I have a few ideas as to why this is our current societal norm.

1. Politics is personal.

Your politics can reveal a lot about who you are. Expressing these (sometimes controversial) opinions may put you in a vulnerable position. It is possible for people to draw unfair conclusions from one viewpoint you hold. This fosters a fear of judgment when it comes to our political beliefs.

Regardless of where you lie on the spectrum of political belief, there is a world of assumption that goes along with any opinion. People have a growing concern that others won't hear them out based on one belief.

As if a single opinion could tell you all that you should know about someone. Do your political opinions reflect who you are as a person? Does it reflect your hobbies? Your past?

The question becomes "are your politics indicative enough of who you are as a person to warrant a complete judgment?"

Personally, I do not think you would even scratch the surface of who I am just from knowing my political identification.

2. People are impolite.

The politics themselves are not impolite. But many people who wield passionate, political opinion act impolite and rude when it comes to those who disagree.

The avoidance of this topic among friends, family, acquaintances and just in general, is out of a desire to 'keep the peace'. Many people have friends who disagree with them and even family who disagree with them. We justify our silence out of a desire to avoid unpleasant situations.

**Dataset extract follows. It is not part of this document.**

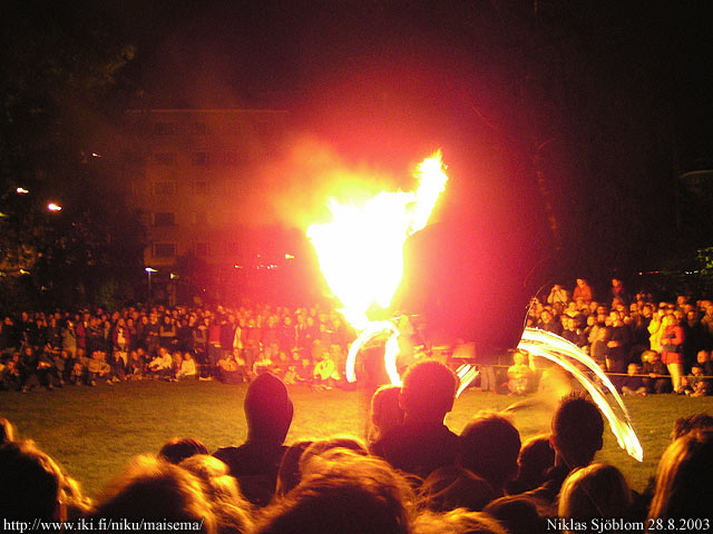 Helsinki: Tulisirkus Native Noise Hesperian puistossa 15. taiteiden yönä.

I will offer this: It might even be better to argue with the ones you love and care about, because they already know who you are aside from your politics, and they love you unconditionally (or at least I would hope).

We should be having these unpleasant conversations. And you know what? They don't even need to be unpleasant! Shouldn't we be capable of debating in a civilized manner? Can't we find common ground?

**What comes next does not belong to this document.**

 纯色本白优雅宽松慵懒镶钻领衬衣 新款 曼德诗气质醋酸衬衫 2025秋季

I attribute the loss of political conversation in daily life to these factors. 'Keeping the peace' isn't an excuse. We should be discussing our opinions constantly and we should be discussing them with those who think differently.

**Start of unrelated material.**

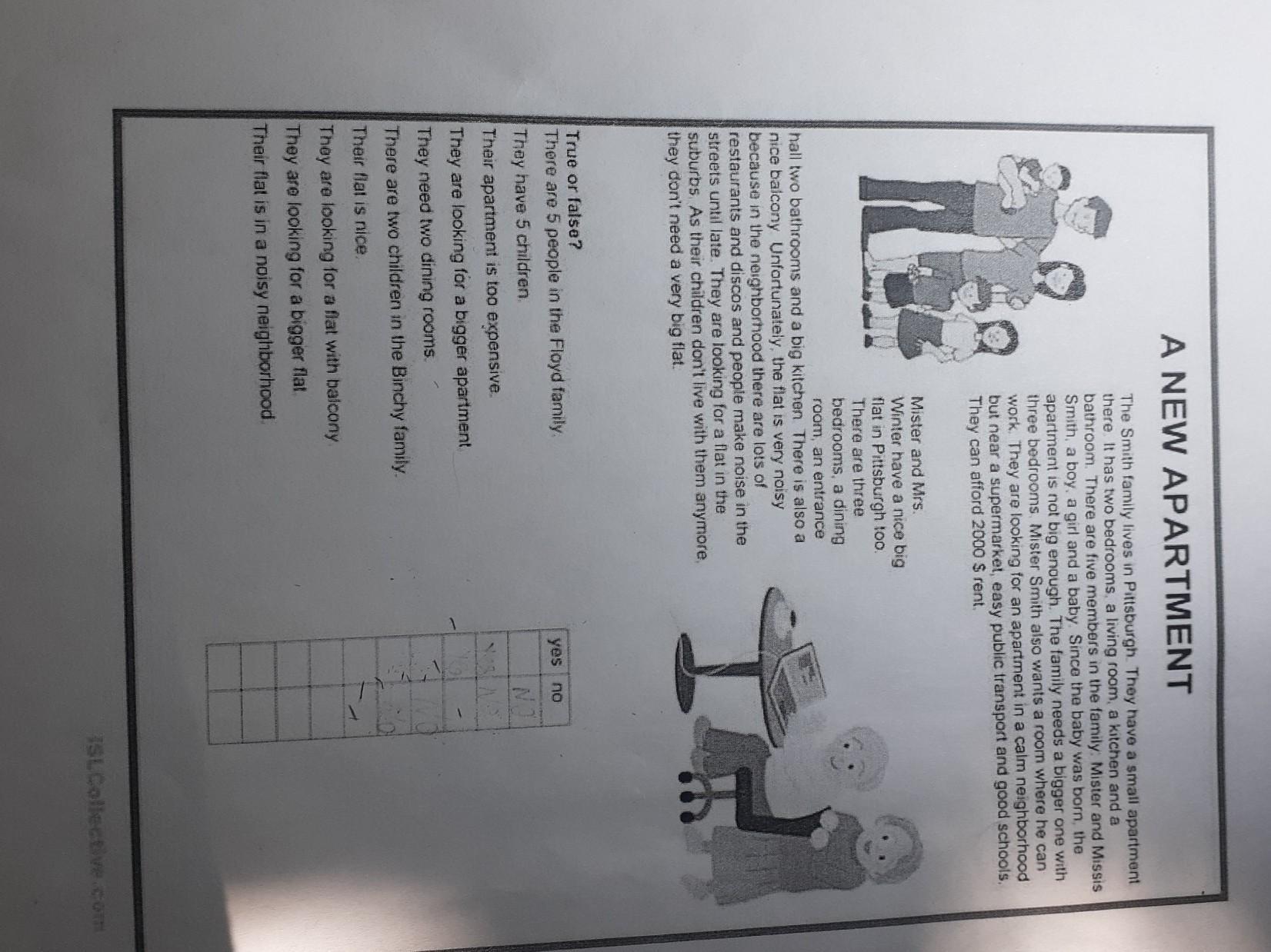 A NEW APARTMENT The Smith family lives in Pittsburgh. They have a small apartment there. It has two bedrooms, a living room, a kitchen and a bathroom. There are five members in the family Mister and Missis Smith, a boy, a girl and a baby Since the baby was born the apartment is not big enough. The family needs a bigger one with three bedrooms Mister Smith also wants a room where he can work. They are looking for an apartment in a calm neighborhood but near a supermarket, easy public transport and good schools. They can afford 2000 S rent. Mister and Mrs. Winter have a nice big flat in Pittsburgh too. There are three bedrooms, a dining room, an entrance hall two bathrooms and a big kitchen There is also a nice balcony Unfortunately, the flat is very noisy because in the neighborhood there are lots of restaurants and discos and people make noise in the streets until late. They are looking for a flat in the suburbs As their children don't live with them anymore they don't need a very big flat. yes no NO NS NO Yes True or false? There are 5 people in the Floyd family They have 5 children Their apartment is too expensive. They are looking for a bigger apartment They need two dining rooms. There are two children in the Binchy family. Their flat is nice They are looking for a flat with balcony They are looking for a bigger flat Their flat is in a noisy neighborhood

Instead of discouraging political conversation, we should be encouraging kindness and understanding. That's how we will avoid the unpleasantness that these conversations sometimes bring.

By avoiding them altogether, we are doing our youth a disservice because they are not being exposed to government, law, and politics, and they are not learning to deal with people and ideas that they don't agree with.

Next Thanksgiving, talk politics at the table.